I have been trying to make my own neural networks from scratch. After some time, I made it, but I run into a problem I cannot solve. I have been following a tutorial which shows how to do this. The problem I run into, was how my network updates weights and biases. Well, I know that gradient descent won't be always decreasing loss and for a few epochs it might even increase a bit, bit it still should decrease and work much better than mine does. Sometimes the whole process gets stuck on loss 9 and 13 and it cannot get out of it. I have checked many tutorials, videos and websites, but I couldn't find anything wrong in my code.
self.activate, self.dactivate, self.loss and self.dloss:
# sigmoid
self.activate = lambda x: np.divide(1, 1 + np.exp(-x))
self.dactivate = lambda x: np.multiply(self.activate(x), (1 - self.activate(x)))
# relu
self.activate = lambda x: np.where(x > 0, x, 0)
self.dactivate = lambda x: np.where(x > 0, 1, 0)
# loss I use (cross-entropy)
clip = lambda x: np.clip(x, 1e-10, 1 - 1e-10) # it's used to squeeze x into a probability between 0 and 1 (which I think is required)
self.loss = lambda x, y: -(np.sum(np.multiply(y, np.log(clip(x))) + np.multiply(1 - y, np.log(1 - clip(x))))/y.shape[0])
self.dloss = lambda x, y: -(np.divide(y, clip(x)) - np.divide(1 - y, 1 - clip(x)))
The code I use for forwardpropagation:
self.activate(np.dot(X, self.weights) + self.biases) # it's an example for first hidden layer
And that's the code for backpropagation:
First part, in DenseNeuralNetwork class:
last_derivative = self.dloss(output, y)
for layer in reversed(self.layers):
last_derivative = layer.backward(last_derivative, self.lr)
And the second part, in Dense class:
def backward(self, last_derivative, lr):
w = self.weights
dfunction = self.dactivate(last_derivative)
d_w = np.dot(self.layer_input.T, dfunction) * (1./self.layer_input.shape[1])
d_b = (1./self.layer_input.shape[1]) * np.dot(np.ones((self.biases.shape[0], last_derivative.shape[0])), last_derivative)
self.weights -= np.multiply(lr, d_w)
self.biases -= np.multiply(lr, d_b)
return np.dot(dfunction, w.T)
I have also made a repl so you can check the whole code and run it without any problems.

1.
line 12
self.dloss = lambda x, y: -(np.divide(y, clip(x)) - np.divide(1 - y, 1 - clip(x)))
if you're going to clip x, you shoud clip y too.
I mean there are some ways to implement this, but if you are going to use this way.
change to
self.dloss = lambda x, y: -(np.divide(clip(y), clip(x)) - np.divide(1 - clip(y), 1 - clip(x)))
2.
line 75
dfunction = self.dactivate(last_derivative)
this back propagation part is just wrong.
change to
dfunction = last_derivative*self.dactivate(np.dot(self.layer_input, self.weights) + self.biases)
3.
line 77
d_b = (1./self.layer_input.shape[1]) * np.dot(np.ones((self.biases.shape[0], last_derivative.shape[0])), last_derivative)
last_derivative should be dfunction.
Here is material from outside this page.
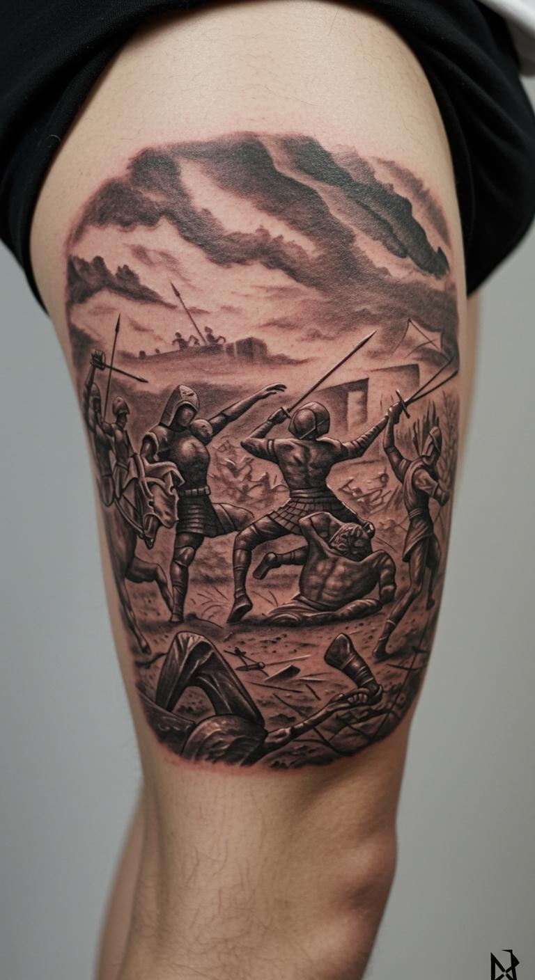 Pick a battle scene snippet on your thigh for epic feels. It shows key fights. Sketch a small fight scene. Use apps to crop images. Free planning tool. Place it for impact. Find action artists online. Use outlines to save money. Break into sessions. Draw it step by step at home. Thrilling for story buffs.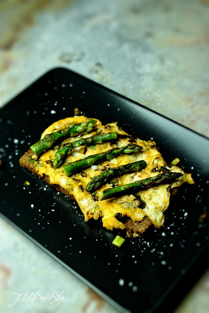 In einer Pfanne die Butter erhitzen und den Spargel, inklusiven den Spargelspitzen darin anbraten. Dann die Spargelspitzen herausnehmen und das Ei über die Spargelstücke gießen und garen.

I think this is just a mistake.
change to
d_b = (1./self.layer_input.shape[1]) * np.dot(np.ones((self.biases.shape[0], last_derivative.shape[0])), dfunction)
4.
line 85
self.weights = np.random.randn(neurons, self.neurons) * np.divide(6, np.sqrt(self.neurons * neurons))
self.biases = np.random.randn(1, self.neurons) * np.divide(6, np.sqrt(self.neurons * neurons))
Not sure where you are going with this, but I think the initialized values are too big. We're not doing precise hypertuning, so I just made it small.
self.weights = np.random.randn(neurons, self.neurons) * np.divide(6, np.sqrt(self.neurons * neurons)) / 100
self.biases = np.random.randn(1, self.neurons) * np.divide(6, np.sqrt(self.neurons * neurons)) / 100
All good now
After this I changed the learning rate to 0.01 because it was to slow, and it worked fine.
I think you are misunderstanding back propagation. You should probably double check how it works. The other parts are ok I think.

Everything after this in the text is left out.